On a sunny family day out, mother accused of murdering her 2 girls
HOLDING hands and smiling happily for the camera, it is a perfect family snapshot of a mother and her two young daughters.
But Samira Lupidi, 24, was due to appear before magistrates yesterday charged with murdering her little girls.
She is accused of killing one-yearold Jasmine Weaver and threeyear-old Evelyn Lupidi while they were all staying at a women’s refuge in Bradford.
The children suffered a horrific end, with post-mortem examinations concluding they died from multiple stab wounds.

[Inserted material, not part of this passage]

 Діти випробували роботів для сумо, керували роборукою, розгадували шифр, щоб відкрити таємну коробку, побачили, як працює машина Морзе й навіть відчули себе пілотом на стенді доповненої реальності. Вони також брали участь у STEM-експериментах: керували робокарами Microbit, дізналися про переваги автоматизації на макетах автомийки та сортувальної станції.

The circumstances leading up to their deaths have yet to be revealed. Lupidi was supposed to make a brief first appearance at Bradford magistrates’ court yesterday but her lawyer, Alison Todd, told the court that she was not in the dock because she had refused to leave her cell due to her ‘distraught state’.
Lupidi, who is understood to be an Italian national who had been living in the UK, was remanded in custody to appear before the city’s crown court on Monday.

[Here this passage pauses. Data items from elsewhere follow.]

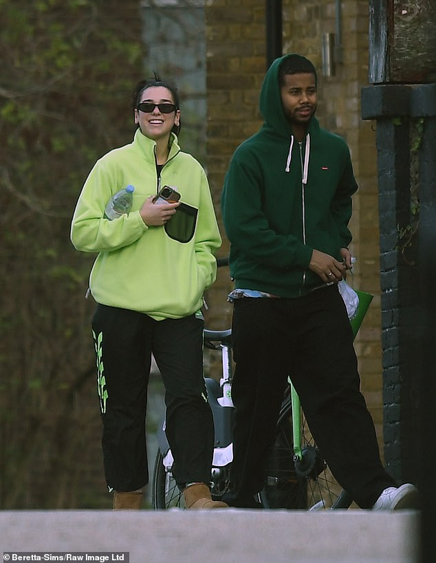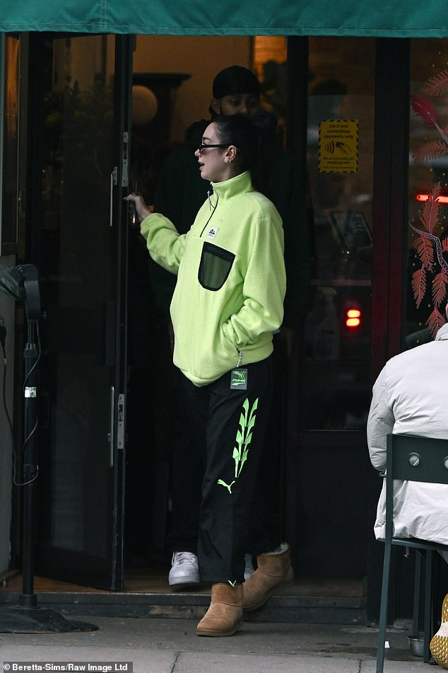 Ajo kishte veshur një xhaketë jeshile për këtë ditë së bashku me tutat e zeza, duke i kapur flokët e saj brune në stilin bisht, Dua i shtoi pamjes edhe më tepër klas me një palë syze dielli.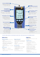 Soporte multimedia Puertos RJ-45, RJ-11/RJ-12 y coaxiales para verificar cables Pantalla retroiluminada grande de cobre de baja tensión Resultados instantáneos fáciles de interpretar Comprobación y resolución de problemas de longitud mediante TDR Detección del servicio de comunicación Identifica fallos en cables, eliminando Identifica servicios de telefonía así dudas innecesarias conjeturas analógicos (PBX) y digitales (ISDN) Generador de tonos Prueba de potencia extendida Capacidad de identific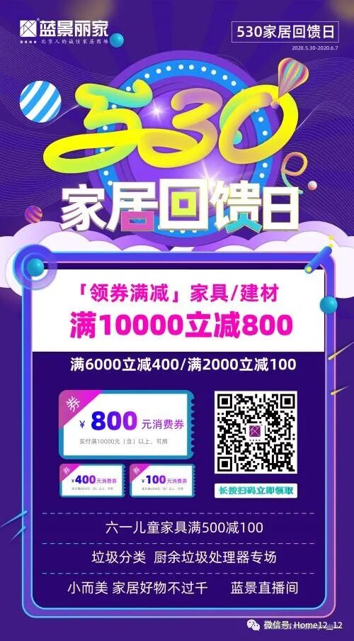 5月30日、31日,关注蓝景丽家官方微信公众号(微信号:lanjinglijia ),在导航栏最新活动中点击“领券连接”,可领取面值800元、400元、100元消费券。持券购物可享受满10000减800,满6000减400,满2000减100优惠活动。领券时间活动日11:00、14:00,数量有限,微信系统发完为止。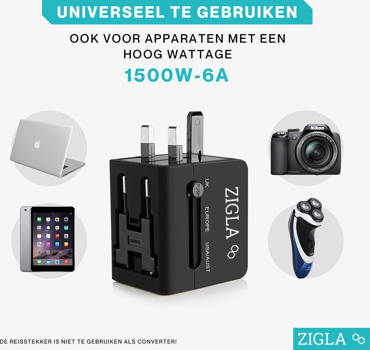 Met deze wereldstekker kun je tevens apparaten met een hoog vermogen tot 1500 watt (AC 100-240V) gebruiken. Denk bijvoorbeeld aan een scheerapparaat, föhn of reisstrijkijzer. Let wel op, de reisstekker is niet te gebruiken als converter!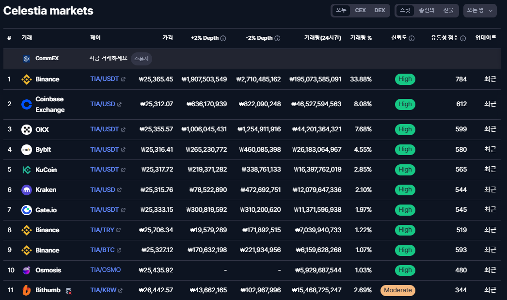 현재 TIA 토큰이 거래가 되고 있는 거래소들 중에서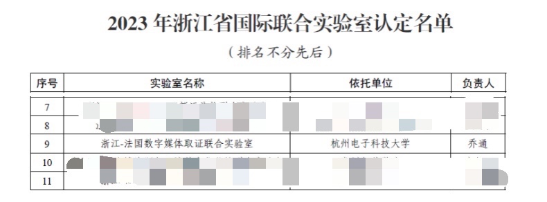 近日,浙江省科技厅发布了《浙江省科学技术厅关于公布2023年度省级国际科技合作载体认定名单的通知》(浙科发外[2023]70号),我校“浙江-法国数字媒体取证联合实验室”被认定为浙江省国际联合实验室。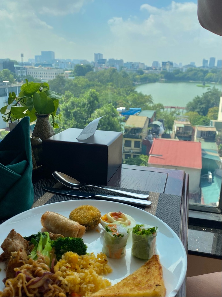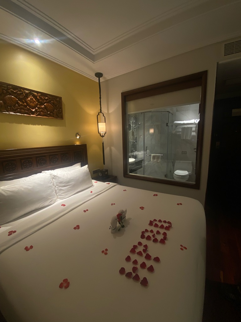 בשדה תעופה אכלנו בגט עם בשר, הארוחה הראשונה שלנו בויאטנם! ולאחר מכן לקחנו מונית למלון שנמצא במרכז האנוי שמשקיף לאגם יפה, כשהגענו למלון בירכו אותנו עם תה וקרקרים, מאוד נחמד וטעים. החדר מאוד חמוד ויפה וכמו שציינתי עם נוף מהמם לאגם ולשווקים שבעיר, כמו ישראליות מצויות אמרנו שיש לנו יום הולדת ואירגנו לנו מיטה עם ורדים מפוזרים עם הכיתוב "HPBD" עם עיצוב מגבות מאוד חמוד.

The children’s father has been named as Carl Weaver, 31, who was not available for comment yesterday. Both the mother and father’s Facebook pages have numerous loving family pictures of the children.

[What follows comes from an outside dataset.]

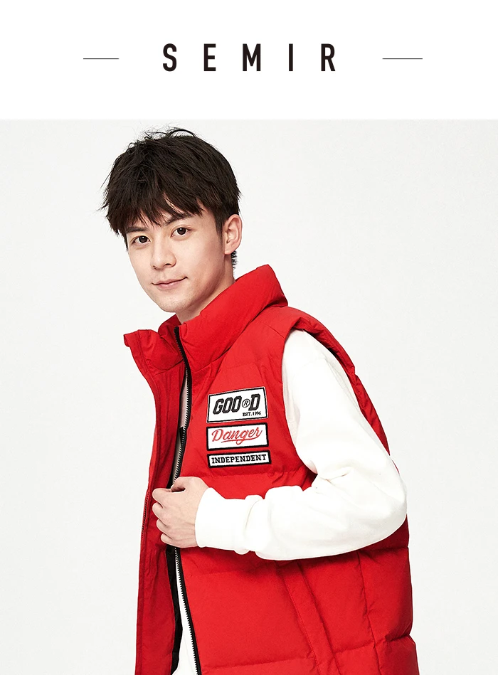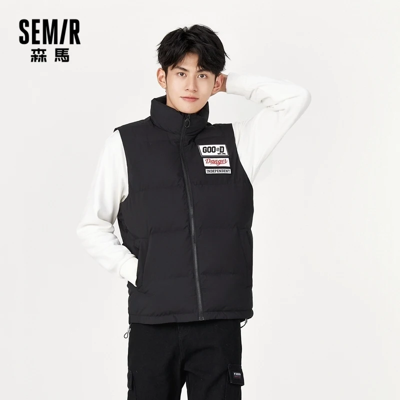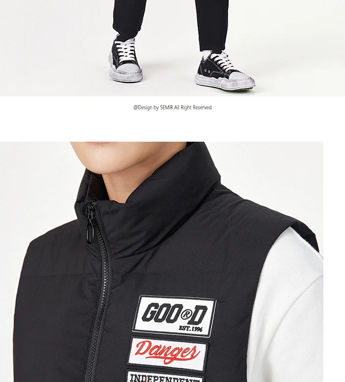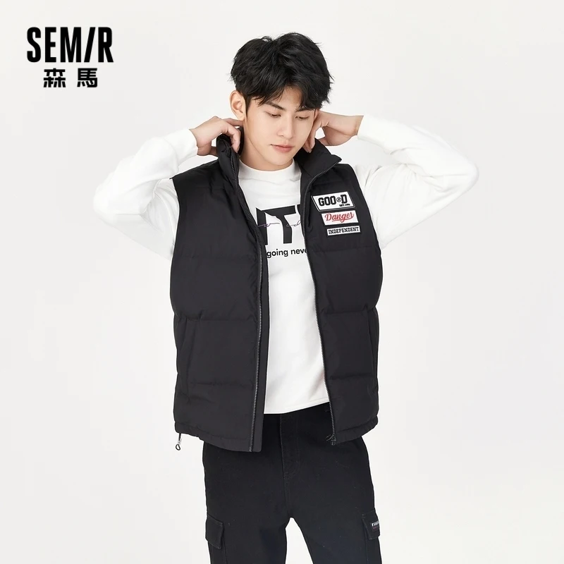 Жилет SEMIR мужской пуховой, трендовый контрастный короткий жилет с воротником-стойкой, осень 2021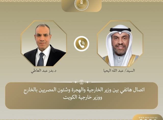 وخلال الاتصال، أكد الوزير عبد العاطي ما يربط مصر والكويت من علاقات أخوية راسخة، تقوم على التفاهم المتبادل والتنسيق الوثيق، مشيراً إلى الحرص المشترك على مواصلة دفع أطر التعاون الثنائي في مختلف المجالات، ولاسيما الاقتصادية والتجارية والاستثمارية، بما يخدم المصالح المشتركة للشعبين الشقيقين.

Details of why Lupidi and her children had moved to the refuge will be revealed in court at a later date.
Police and paramedics were called to the refuge run by Bradford Women’s Aid at 11.30am on Tuesday.
Despite desperate efforts by paramedics, the children could not be saved. Lupidi was arrested at the scene and taken into custody by police.
The tragic deaths of the children has sent shockwaves through the local community and stunned their relatives.
Julie Britton, an aunt of the children’s father, said: ‘Carl’s just absolutely devastated. It’s like a bomb has gone off in the middle of our family.’
The Bradford refuge has accommodation for six women and their families. It received a £469,000 lottery grant this year.
One neighbour, Joanne Shoesmith, 45, a mother-of-two, said: ‘When I heard, it left a lump in my throat. It’s shocking and so sad.’